Mastering Characters Sets in Linux (Weird Characters, part 2)

By: Akkana Peck
Wednesday, November 25, 2009 09:55:05 AM EST
URL: http://www.linuxplanet.com/linuxplanet/tutorials/6912/1/

gucharmap and recode

In the last article I talked about Unicode, character sets and encoding -- how accented and special characters are transferred in email and web pages, and why you sometimes see funny characters when the process goes wrong.

But can you fix it when it does go wrong? And if you're a programmer, how should you be handling all these encodings?

gucharmap

First, when you're testing anything involving character encoding, gucharmap is invaluable (Figure 1).

figure 1
figure 1

Every Unicode character is in some category, shown in the list on the left -- in addition to Basic Latin, Latin-1 Supplement (accented characters), Greek, Cyrillic, Katakana etc. there are categories for Braille, Cuneiform, punctuation, mathematics, music and so forth.

The Character Details tab tells you the Unicode, UTF-8, UTF-16 and XML/HTML codes for the character.

If you have a character from a web page or email and don't know what it is, just paste it into gucharmap's Search->Find field (Figure 2).

figure 2
figure 2

recode

You can fix some encoding problems using a simple command-line tool: recode, probably available on your Linux distribution.

To experiment with recode, you'll need some test data. You can make a file containing UTF-8 by pasting something from Firefox, which usually pastes UTF-8 even if you copy from a page with another encoding, like this one.

$ cat >voila-utf8
"Voilá!"       <-- paste this string
^D             <-- Type Ctrl-D on a new line

$ cat >curly-utf8
“Curly quotes” <-- paste this string
^D             <-- Type Ctrl-D on a new line

Once you have test data, run recode like this:

$ recode utf8..iso8859-15 <voila-utf8 >voila-8859
$ 

Now test-8859 should contain a Latin-1 version of the original UTF-8 string. Of course, you can go the other way too:

$ recode iso8859-15..utf8 <voila-8859 >voila2-utf8
$ diff voila-utf8 voila2-utf8
$               <-- no differences

You can examine the files and compare them with a binary dump program like od, then use gucharmap to verify which characters are which. I find od output a bit hard to read, so I wrote a Python equivalent, bdump.

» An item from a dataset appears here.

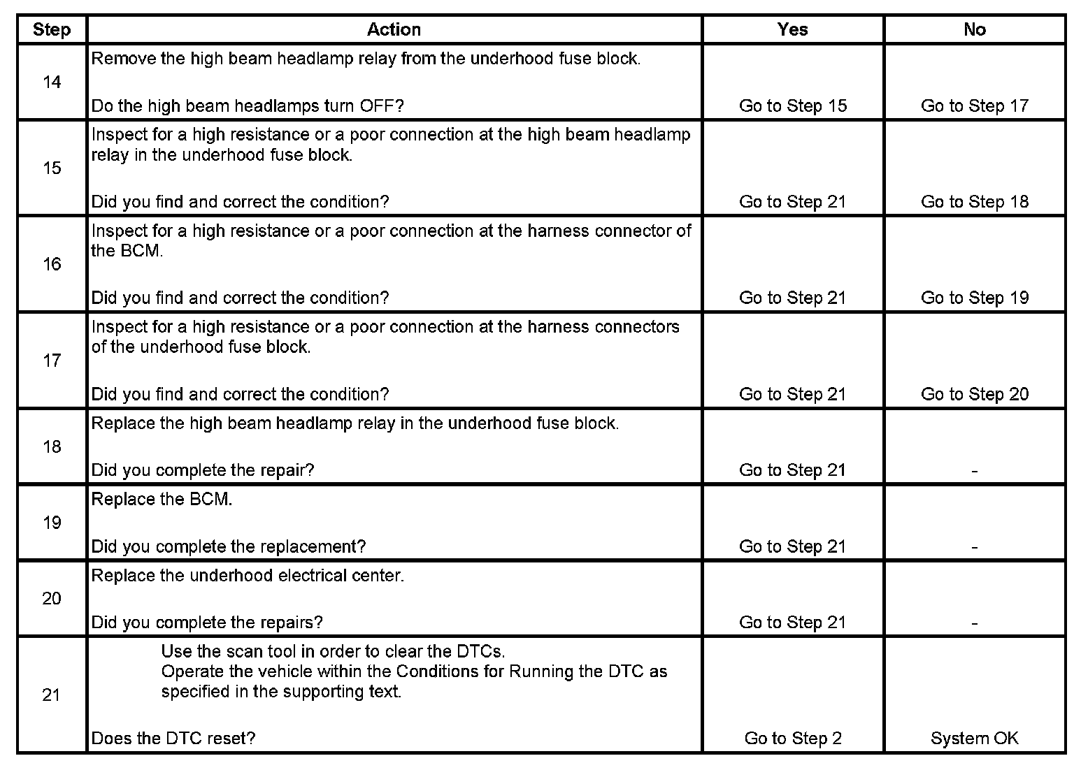This DTC will set if there is a short to voltage in the high beam relay control circuit.

recode can even map curly quotes ("smartquotes") to regular quotes, if its output format is one that doesn't include curly quotes, like ASCII or ISO8859-15:

$ recode utf8..iso8859-15 <curly-utf8
"Curly quotes"

recode translates those curly quotes to straight ASCII quotes. Very useful! Of course, that means that the translation has lost information -- you can't go back to the original UTF-8. To prevent that, use recode's -s (strict) option.

Encoded Strings in Python

Recode is useful, but it's not very flexible if you want something you can use in a program. How would you do the same thing in Python?

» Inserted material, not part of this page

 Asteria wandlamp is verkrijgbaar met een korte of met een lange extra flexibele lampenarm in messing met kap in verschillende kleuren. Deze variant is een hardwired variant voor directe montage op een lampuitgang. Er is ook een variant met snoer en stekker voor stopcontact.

Python has a simple 8-bit String type: that's what you get if you say

>>> str = "Hello, world!"

Python can also represent Unicode strings: put a u in front of the quotes.

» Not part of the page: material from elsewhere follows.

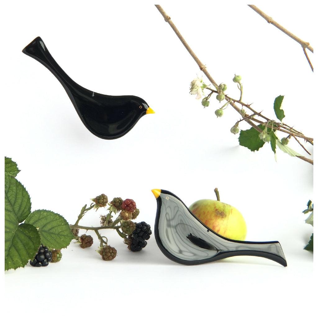 Please note that each blackbird will vary slightly in length and tummy shape. This piece is made from opaque black glass.

>>> uni = u"Hello, world!"
Unicode strings may be 16 or 32 bits wide.

Both types let you specify characters by hexadecimal codes:

>>> str = "Here are some \xe2\x80\x9ccurly quotes in UTF-8\xe2\x80\x9d."
>>> uni = "Here are some \u201ccurly quotes in Unicode\u201d."

Use encode and decode to convert between strings and Unicode:

>>> str = "Here are some \xe2\x80\x9ccurly quotes\xe2\x80\x9d."
>>> str.decode('utf-8')
u'Here are some \u201ccurly quotes\u201d.'
You can tell the result is a unicode string because of the u''.

>>> print uni.encode('utf-8')
Here are some “curly quotes”.
>>> uni = u'Voil\u00e0!'
>>> print uni.encode('utf-8')
Voilà!

Very easy -- unless there's a character in the string that isn't legal in the encoding you're using. Suppose you take that unicode with curly quotes and try to represent it as ISO8859-15:

>>> print uni.encode('iso8859-15')
Traceback (most recent call last):
  File "<stdin>", line 1, in <module>
  File "/usr/lib/python2.6/encodings/iso8859_15.py", line 12, in encode
    return codecs.charmap_encode(input,errors,encoding_table)
UnicodeEncodeError: 'charmap' codec can't encode character u'\u201c' in position 14: character maps to <undefined>

Those curly quote characters, legal in Unicode and in the UTF-8 encoding, don't exist in ISO-8859-15. So Python's encode function throws an error.

In practice, it's amazingly common to see email messages and web pages that claim to be ISO 8859-15 or some similar encoding, yet include characters like "curly quotes" that aren't part of that encoding. You'll see it in mail from people who paste from their word processors with "smart quotes" enabled, and you'll also see it on professional sites like BBC News. There are also lots of sites that don't specify an encoding at all, like Linux Planet, so software dealing with those sites has to guess based on the characters in the page. So your Python code had better be able to handle encoding errors.

Python's encode method takes an optional second argument, errors. Options are:

strict
throw a UnicodeError
ignore
remove any character that doesn't fit
replace
replace unknown characters with '?'
xmlcharrefreplace
replace with XML representations for the numeric value of the character, like '&#8220;'
backslashreplace
replace with backslashed numeric references, like '\u0201'

But strings like '?' or '\u0201' might not be what you want to show to your users. Fortunately, you can trap the error and do something more useful:

while uni != None:
    try:
        encoded = uni.encode('iso8859-15', 'strict')
        print encoded

    except UnicodeEncodeError, e :
        # The part of the string
        # e.args[2] is the first index where the encoding failed,
        # and e.args[3] is the end point.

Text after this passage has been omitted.